• EXERCISE: From the data that follows, set down exactly the lines from the one with "Our elegant red" through the one with "不過在罵聲不斷擴大後,胡凌宸", counting both. Pictures stay out.

• Entries taken from a collection:
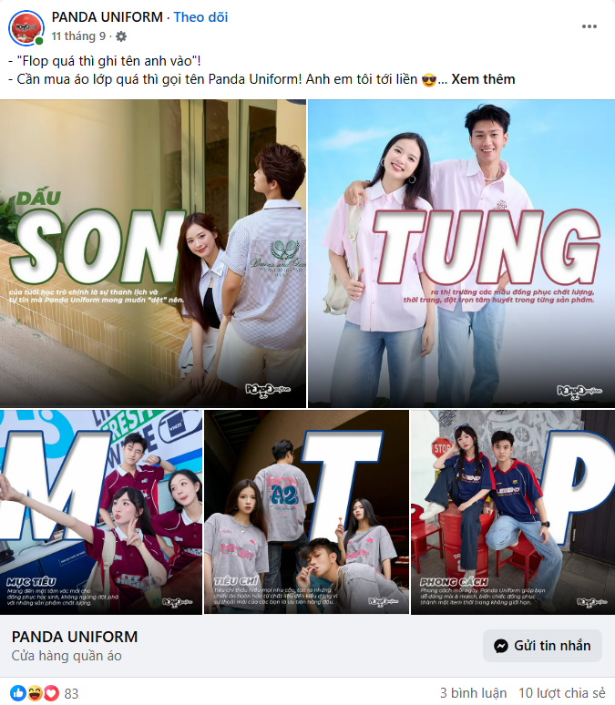 Bài đăng bắt trend “flop quá thì cứ ghi tên anh vào” của shop đồng phục trên Facebook
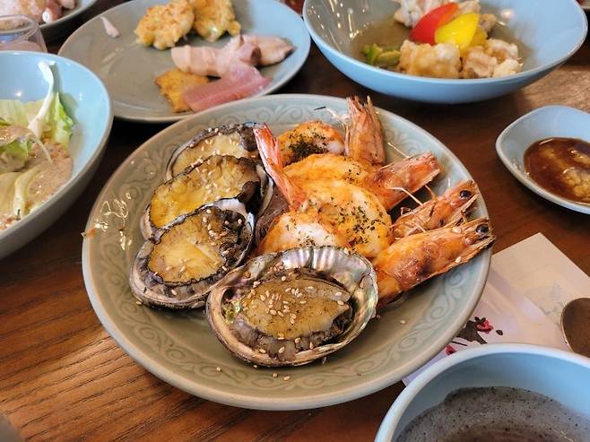 옆동네 완도산 전복과 새우치즈구이. 나열했던 음식들 중 가장 비씨고 맛있었던 메인 메뉴가 아닐까 한다. 4인 사이좋게 나눠 먹으라며 인원수에 맞게 담아주는데, 그 옛날 유배온 왕족에 빙의하여 버터향 가득한 전복을 한입에 털어넣어 진한 남도의 맛을 음미하는 호사를 부려 보았다.
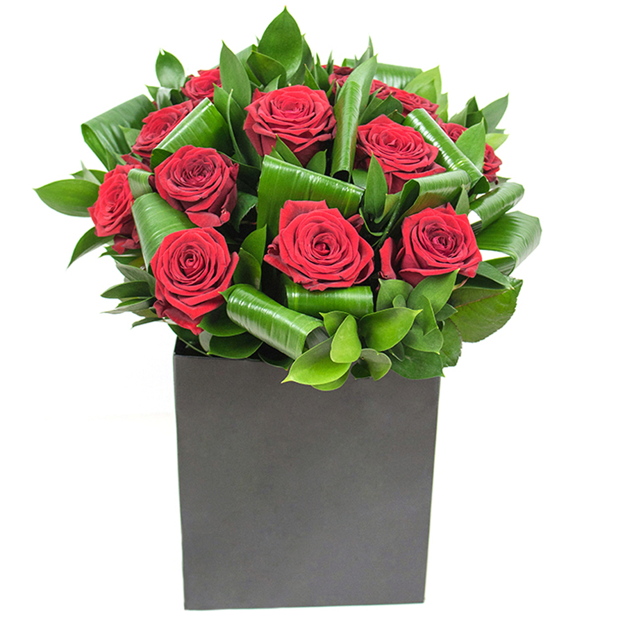 Our elegant red rose display features vibrant red roses paired with aspidistra leaves and ruscus, creating a unique and stylish bouquet. Perfect for adding grace and sophistication to any room.
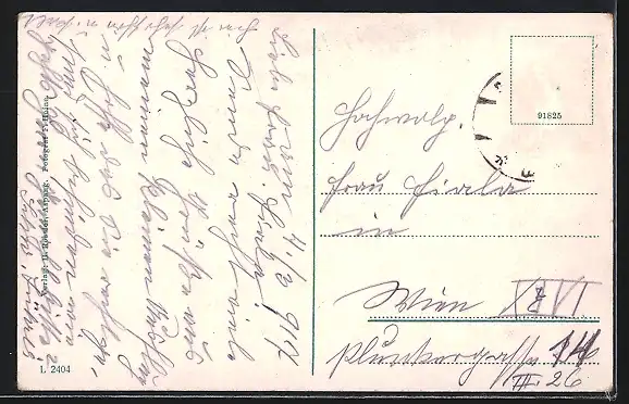 Personenbezogene Daten auf der Rückseite der Karte wurden durch blauen Textmarker unkenntlich gemacht. Die blauen Stellen sind auf die Vorderseite durchgeweicht und wirken sich negativ auf das Postkartenfoto aus
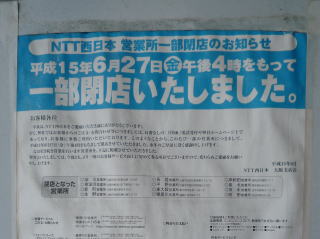平成15年に大阪府内の以下の窓口が閉鎖されたようです。
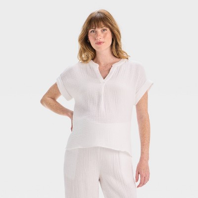 Short Sleeve V-Neck Gauze Roll Tab Maternity Shirt - Isabel Maternity by Ingrid & Isabel™ White
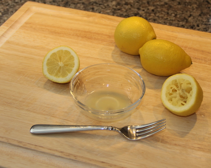 - Knijp het sap van een halve citroen uit in een kom, meng dit met olie, zout en zwarte peper en schenk deze dressing over de vinaigrette.
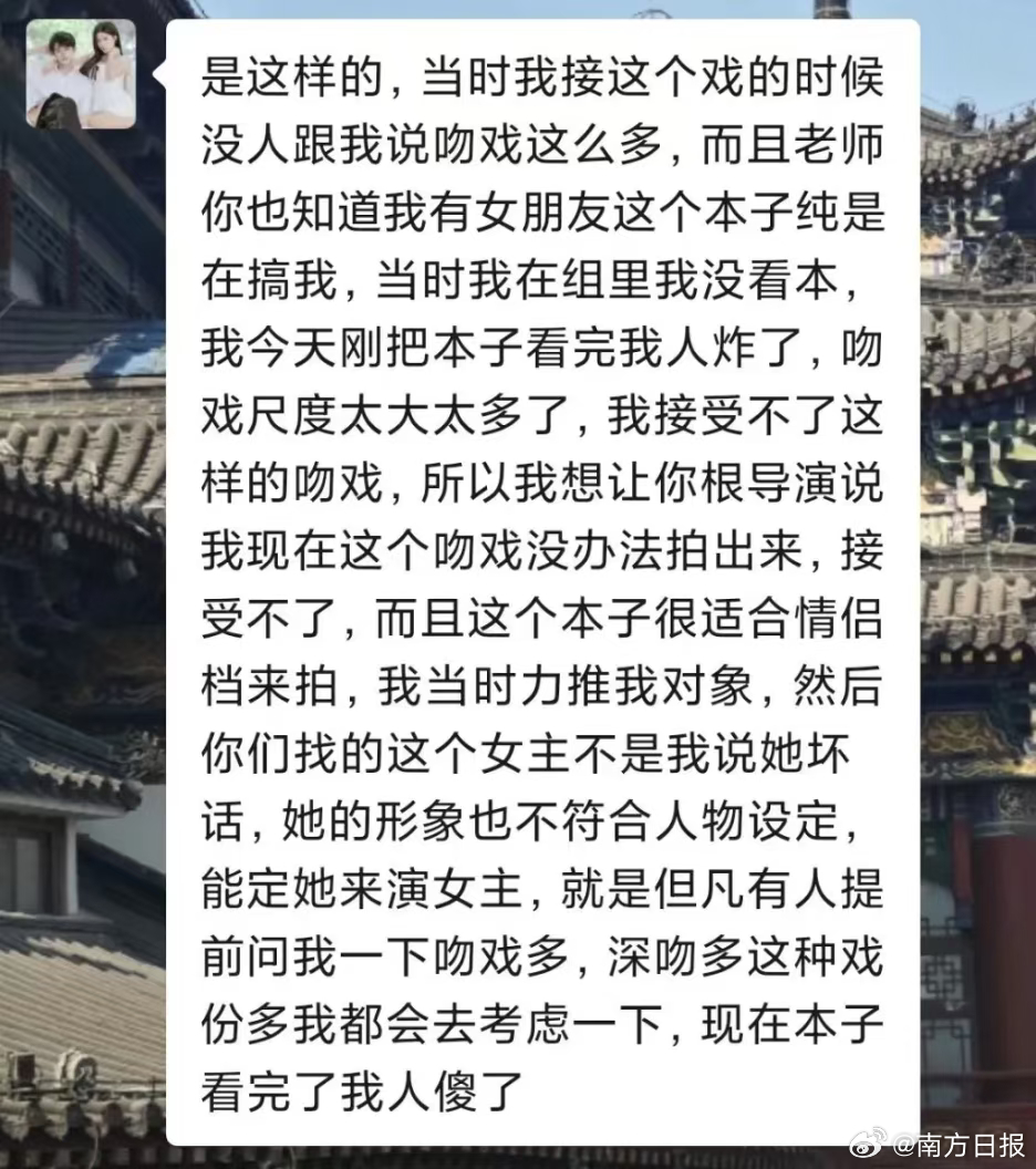 不過在罵聲不斷擴大後,胡凌宸今(1日)態度急轉,透過影片道歉,澄清自己並不是因為女友才離開劇組,而是「無法接受劇本大尺度吻戲」,和戀情沒有任何關係。
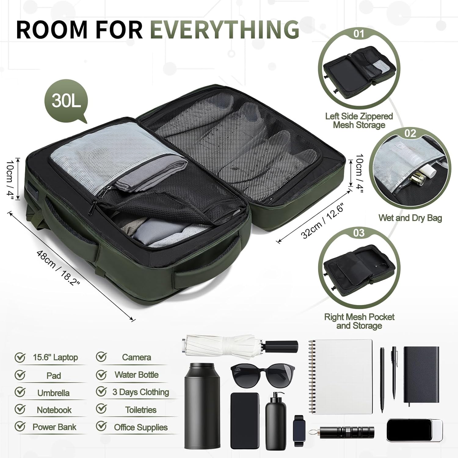 - Package Contents: Your purchase includes only the Lay Flat Travel Backpack in green. Accessories such as power banks, chargers, or packing cubes are sold separately.
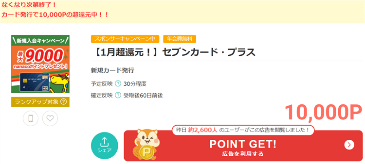 セブンカード・プラスが新規発行10,000Pで激アツ!更にカード側キャンペーンで最大9,000円相当!
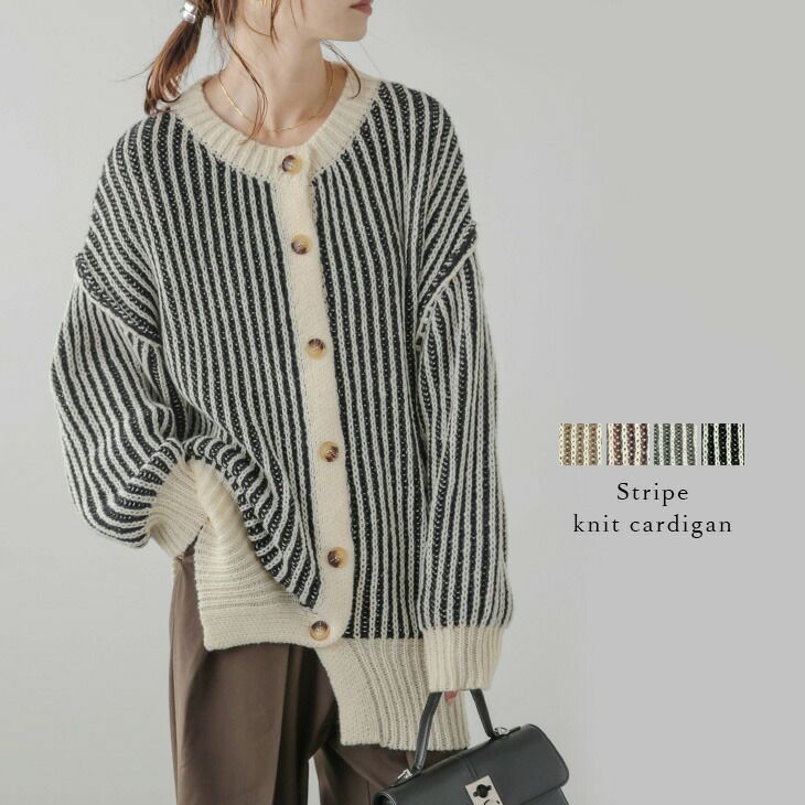 ニットカーディガン ストライプ トップス レディース 【秋冬半額SALE対象】 ニットカーディガン ストライプ ぽわん袖 トップス レディース おすすめ おしゃれ 大人可愛い フリーサイズ 2025春夏新作 【lsot301-88b】【予約販売:(1)11月2日/(2)11月9日入荷予定順次発送】【送料無料】宅込
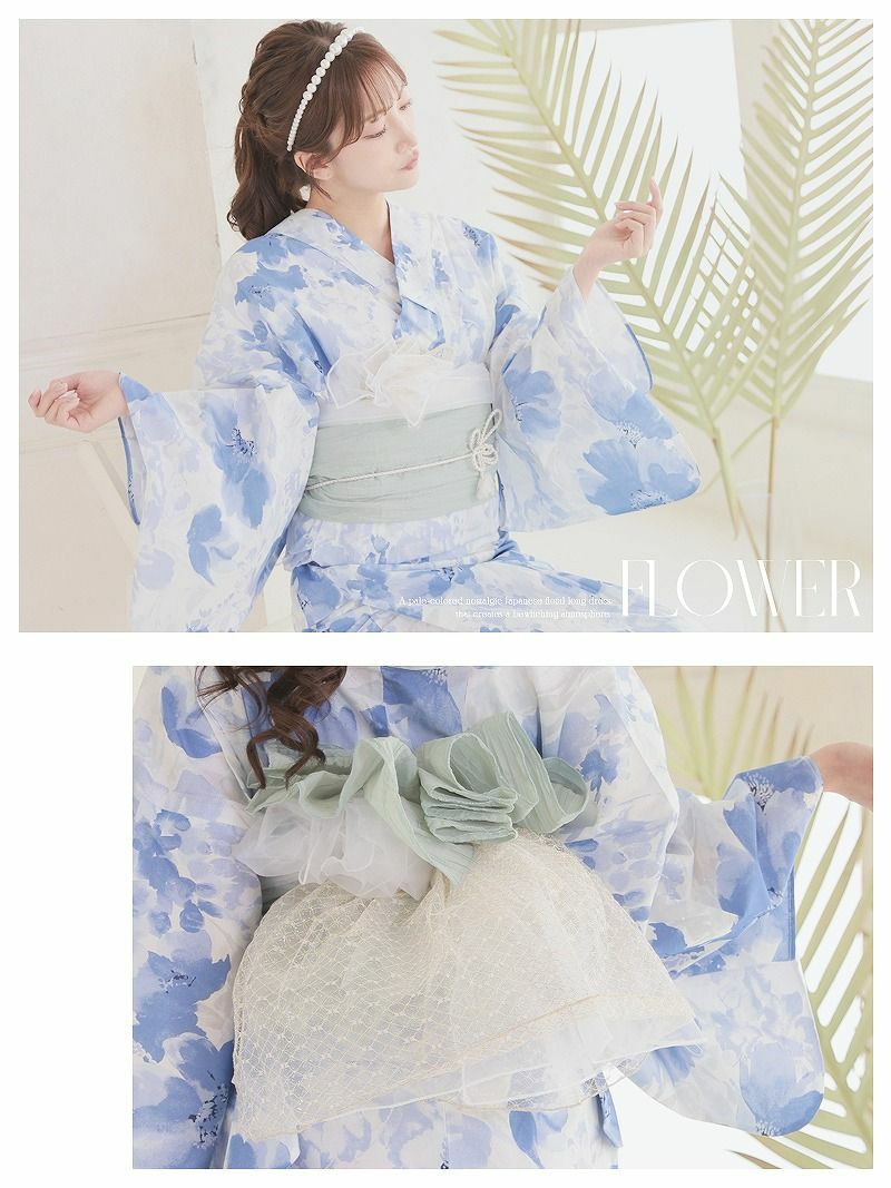 上品さと可憐さをまとえる、涼やか浴衣 グラデーションブルーが美しい大人のフラワーレディース浴衣2点セット【Ryuyu】(フリーサイズ)(ブルー)
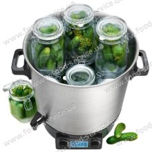 Емкость бака: 27 литров (примерно 14 банок) • Корпус из нержавеющей стали • Закрытое днище бака • Закрытый электронагревательный элемент из нержавеющей стали • Плавнорегулируемая температура (1°-100°С) • ЖК-дисплей (голубая подсветка) • Отображение времени по установочному таймеру, выбранной температуры и реальной температуры • Встроенный сливной кран для удобного розлива, например, глинтвейна, пунша или других горячих напитков • Вставные решётки • Пластмассовые ручки, теплоизолированные • Защита от перегрева • * Цвет или оттенок издел...
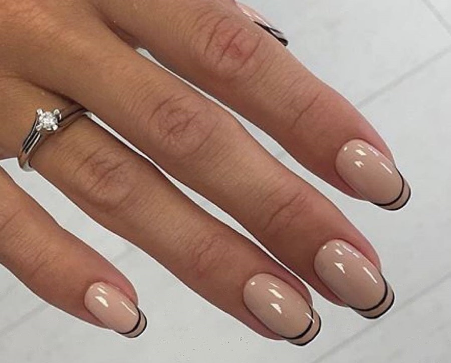 Tenderness on the nails can be created using black gel polish. In this case, it should be applied only with a veil on a light pink backing.
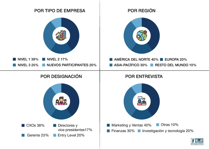 En la primera parte, entrevistamos a líderes de opinión clave (KOL) de las principales empresas y de los actores emergentes en distintas regiones geográficas. Esto nos permite comprender su visión del mercado y acercarnos a cifras de mercado más precisas. Se realizan aproximadamente 45 entrevistas primarias, tanto del lado de la oferta como de la demanda, para garantizar un análisis y una evaluación precisos del mercado.
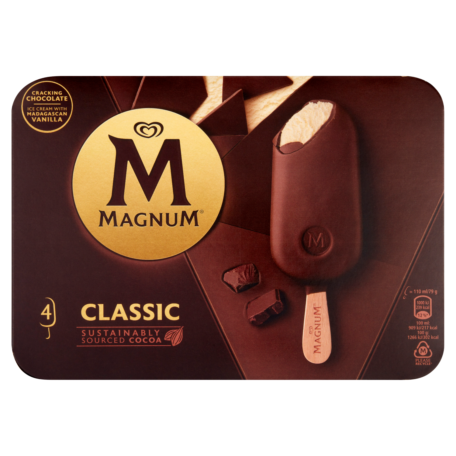 Magnum x la sostenibilità Ogni Magnum è realizzato con cura, con costante a ttenzione ai temi della sostenibilità, utilizzando ingredienti di Alta Qual ità per offrire sempre un'esperienza unica. Vaniglia del Madagascar Il c remoso gelato con estratto di vaniglia del Madagascar, proveniente da fonti gestite responsabilmente, si combina perfettamente con il cioccolato Magnu m. Cioccolato croccante Magnum L'esclusivo cioccolato Magnum nasce da sem i di cacao certificati Rainforest Alliance selezionati e tostati con cura, per garantire un piacere autentico e la croccantezza unica di Magnum ad ogn i morso. Dai semi di cacao al morso I semi di cacao Magnum vengono colti vati e raccolti in modo responsabile presso coltivazioni certificate Rainfo rest Alliance, rispettando l'ambiente e sostenendo i coltivatori locali. Rispettando le risorse forestali Il legno e la carta utilizzati per la pro duzione di stecchi e confezioni esterne derivano da foreste gestite in mani era sostenibile.
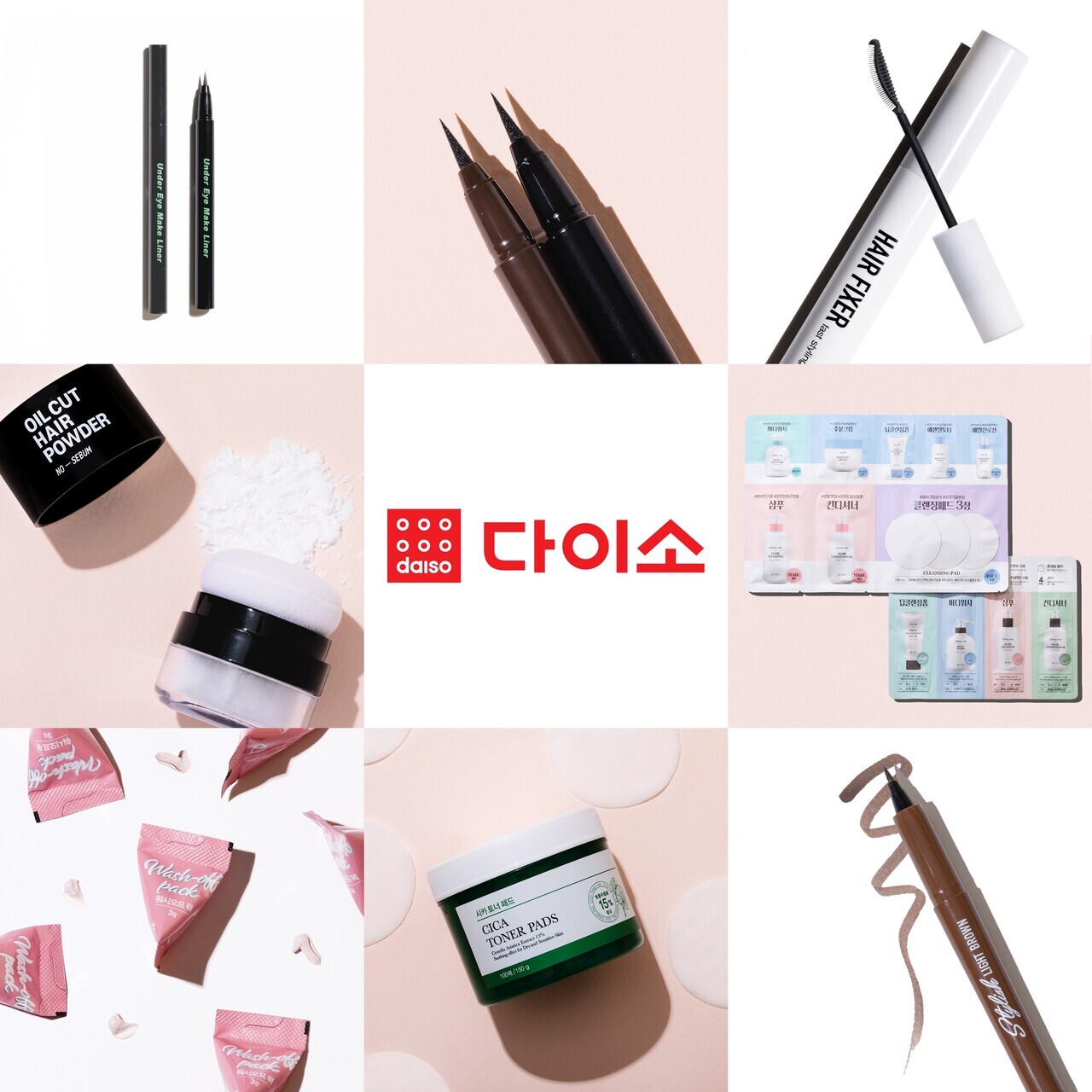 다이소 화장품의 가격은 1000원부터 시작해 비싸도 5000원을 넘지 않고, 균일가를 고수하고 있습니다. 이렇게 저렴한 가격에 비해 품질이 좋다는 소문이 자자한데요. 한국콜마, 코스맥스 등 국내 최고 화장품 전문 제조사들이 대부분의 제품을 제작했기 때문이에요. 또 취급 브랜드와 제품 수도 점점 확대되어 고객의 선택의 폭을 늘렸어요. 어느새 다이소에서 만날 수 있는 화장품들은 기초 화장품 13개 브랜드, 색조 화장품 4개 브랜드, 남성 화장품 1개 브랜드 등으로 총 19개나 돼요. 다이소 매장에 갈 때마다 화장품 코너가 점점 확대되는 것을 알 수 있습니다.

• RESPONSE:
 Our elegant red rose display features vibrant red roses paired with aspidistra leaves and ruscus, creating a unique and stylish bouquet. Perfect for adding grace and sophistication to any room.
 Personenbezogene Daten auf der Rückseite der Karte wurden durch blauen Textmarker unkenntlich gemacht. Die blauen Stellen sind auf die Vorderseite durchgeweicht und wirken sich negativ auf das Postkartenfoto aus
平成15年に大阪府内の以下の窓口が閉鎖されたようです。
 Short Sleeve V-Neck Gauze Roll Tab Maternity Shirt - Isabel Maternity by Ingrid & Isabel™ White
 - Knijp het sap van een halve citroen uit in een kom, meng dit met olie, zout en zwarte peper en schenk deze dressing over de vinaigrette.
 不過在罵聲不斷擴大後,胡凌宸今(1日)態度急轉,透過影片道歉,澄清自己並不是因為女友才離開劇組,而是「無法接受劇本大尺度吻戲」,和戀情沒有任何關係。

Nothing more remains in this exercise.